» The data
┌──

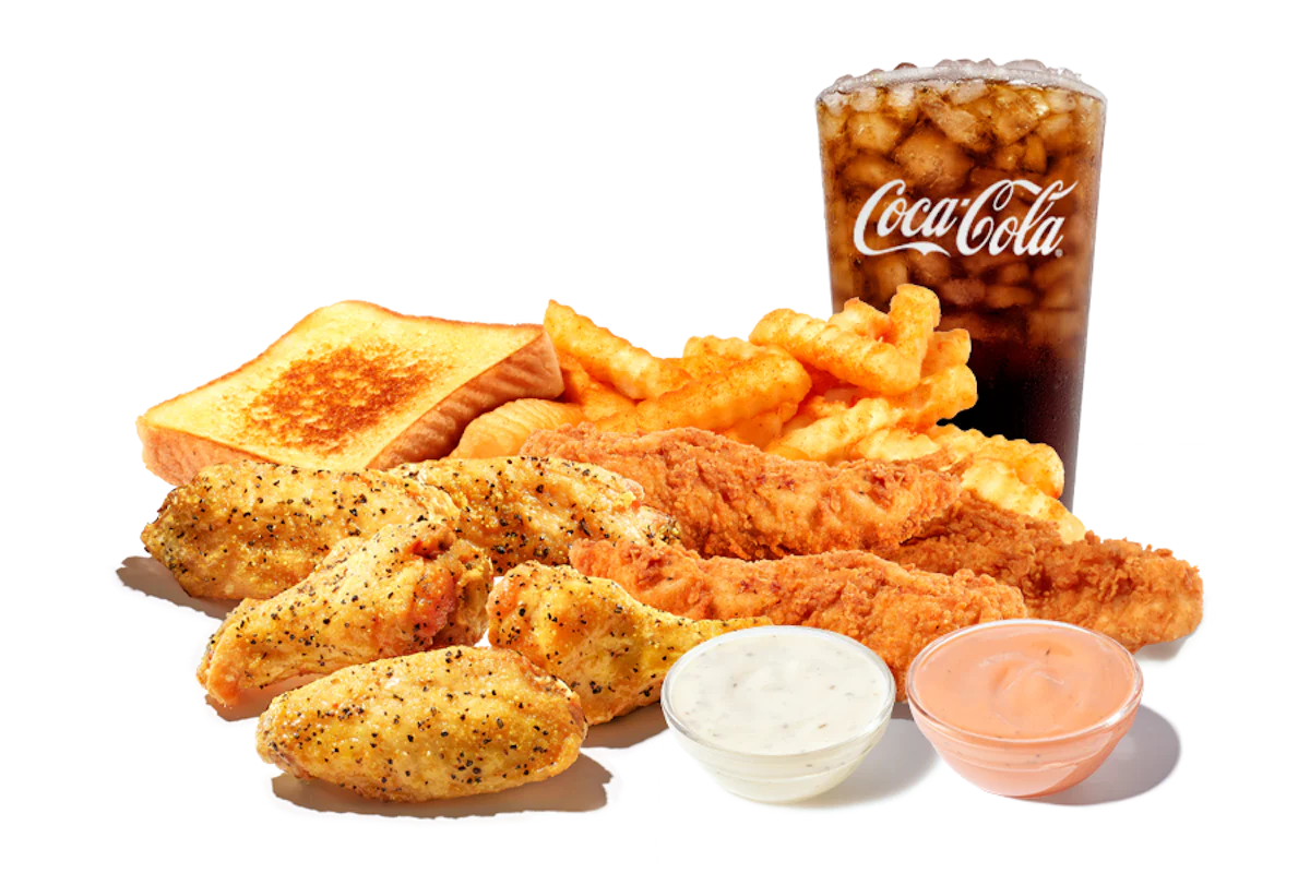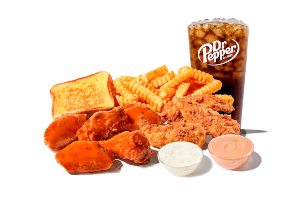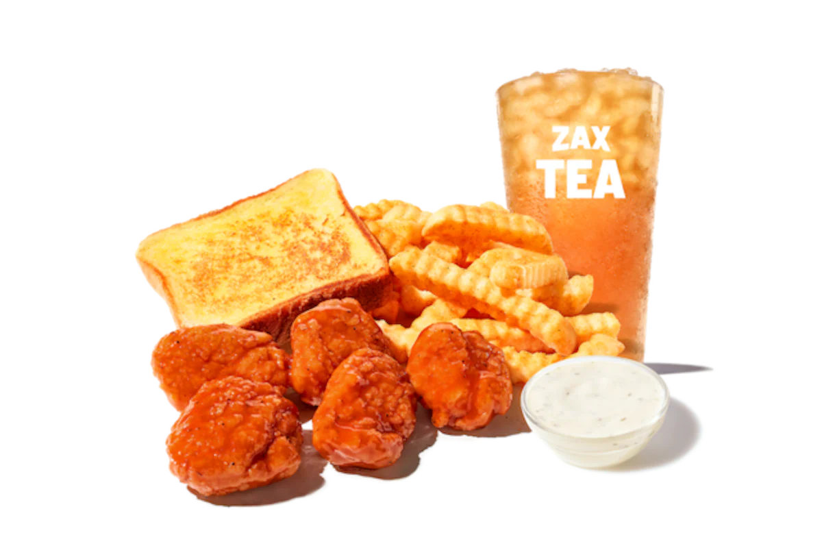 5 Boneless Wings made from all-white breast meat or 5 Traditional Wings tossed in your choice of sauce with Ranch, plus 3 Chicken Fingerz™ with Zax Sauce®. Served with Texas Toast, Crinkle Fries, and Small Drink.
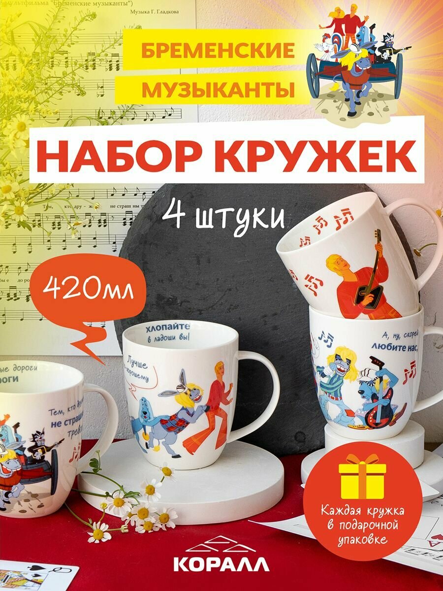 СохранитьНабор кружек фарфор 420 мл. 4 шт. "Бременские музыканты" чашки для чая в индивидуальной подарочной упаковке интересное:
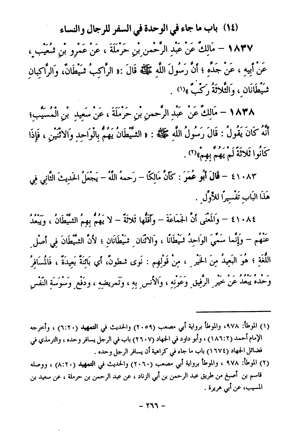 1838 - مَالِكٌ عَنْ عَبْدِ الرَّحْمَنِ بْنِ حَرْمَلَةَ، عَنْ سَعِيدِ بْنِ الْمُسَيِّبِ ; أَنَّهُ كَانَ يَقُولُ: قَالَ رَسُولُ اللَّهِ - صَلَّى اللَّهُ عَلَيْهِ وَسَلَّمَ -: " الشَّيْطَانُ يَهُمُّ بِالْوَاحِدِ وَالِاثْنَيْنِ، فَإِذَا كَانُوا ثَلَاثَةً لَا يَهُمُّ بِهِمْ ".

└──

» Task to carry out
Give back the material above exactly, with each picture removed.

» Task result
 5 Boneless Wings made from all-white breast meat or 5 Traditional Wings tossed in your choice of sauce with Ranch, plus 3 Chicken Fingerz™ with Zax Sauce®. Served with Texas Toast, Crinkle Fries, and Small Drink.
 СохранитьНабор кружек фарфор 420 мл. 4 шт. "Бременские музыканты" чашки для чая в индивидуальной подарочной упаковке интересное:
 1838 - مَالِكٌ عَنْ عَبْدِ الرَّحْمَنِ بْنِ حَرْمَلَةَ، عَنْ سَعِيدِ بْنِ الْمُسَيِّبِ ; أَنَّهُ كَانَ يَقُولُ: قَالَ رَسُولُ اللَّهِ - صَلَّى اللَّهُ عَلَيْهِ وَسَلَّمَ -: " الشَّيْطَانُ يَهُمُّ بِالْوَاحِدِ وَالِاثْنَيْنِ، فَإِذَا كَانُوا ثَلَاثَةً لَا يَهُمُّ بِهِمْ ".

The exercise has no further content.